Matters that are either agreed or not the subject of controversy
Despite the strongly felt nature of the controversy between the parties and the at times lurid allegations each makes against the other, quite a number of matters are not the subject of dispute. The father was born on (omitted) 1983 and works as a self-employed (occupation omitted). The mother was born on (omitted) 1979 and is engaged in home duties. The parents commenced cohabitation in 2006 and underwent an (religion omitted) marriage on (omitted) 2006.
For whatever reason, and this was the subject of some dispute in the earlier proceeding, the parties never underwent or registered a civil marriage. This matter was the subject of complaint on the mother’s part during her interview with Dr J.
X was born on (omitted) 2010 and the parties separated on 9 November 2010. The mother obtained an Intervention Order on 10 November 2010 and the father filed his Initiating Application in the Court on 17 November 2010.
From the start the mother’s case was one of strenuous assertion that the father had been violent to her during the marriage, verbally abusive, had threatened to kill both her and X and had generally behaved in a controlling and violent way. The father’s material categorically denied any violence whatever and asserted mental ill health on the part of the mother. Each of the parties has to an extent from time to time made assertions of mental ill health against their former partner.
I have re-read the entirety of the file including the affidavit material filed in the proceedings that ended in 2011. In the main this consists of staggeringly repetitive accusations and denials, all properly characterisable within the generalised description I have given immediately above.
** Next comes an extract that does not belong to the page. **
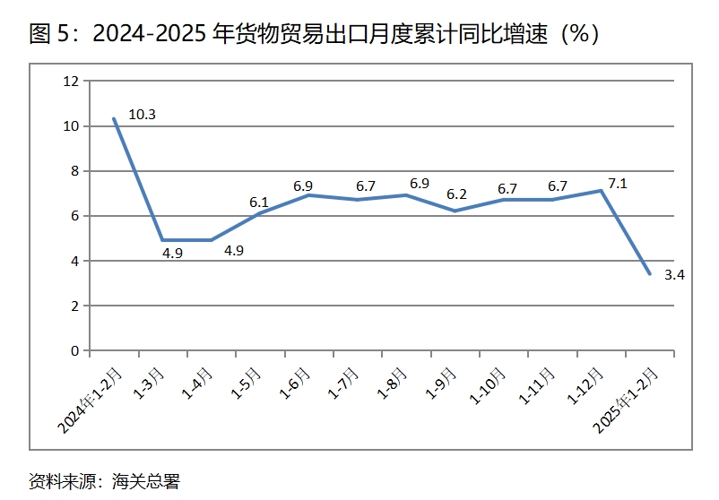 (二)貨物出口增速由升轉(zhuǎn)落。1-2月份,貨物出口同比增長3.4%,比上年1-12月份增長7.1%回落3.7個百分點,1-12月份比1-11月份回升0.4個百分點,呈現(xiàn)出增速由升轉(zhuǎn)落的態(tài)勢。貨物出口對主要貿(mào)易出口經(jīng)濟(jì)體增速全面回落,1-2月份對歐盟出口增長1.8%,比上年1-12月月份回落2.5個百分點;對美國出口增長3.4%,比1-12月份回落2.7個百分點;對東盟出口增長6.8%,比1-12月份回落6.6個百分點;對拉丁美洲出口增長4.4%,比1-12月份回落10.0個百分點。

Notwithstanding all these virulent criticisms of one another, the final orders made on 16 November 2011 by consent (and at a time when both parties were legally presented) provided for equal shared parental responsibility and for the child to live with the mother. A graded process of spending time was put in place by which the father’s time gradually increased as he got older, and from the age of 3 provided for time each alternate Friday from 9.00 am until 7.00 pm on Sunday in one week and from Thursday 7.00 pm until Friday at 7.00 pm during the other week.
Holiday blocks were to be for no less than two occasions per calendar year for two nights and three consecutive days. For (religion omitted) in each year the father’s weekend time was extended from 8.00 am Friday until 8.00 pm Sunday using the same cycle and there were orders that split the two (religion omitted) celebrations. Further orders were made for birthdays and Father’s Day and the like.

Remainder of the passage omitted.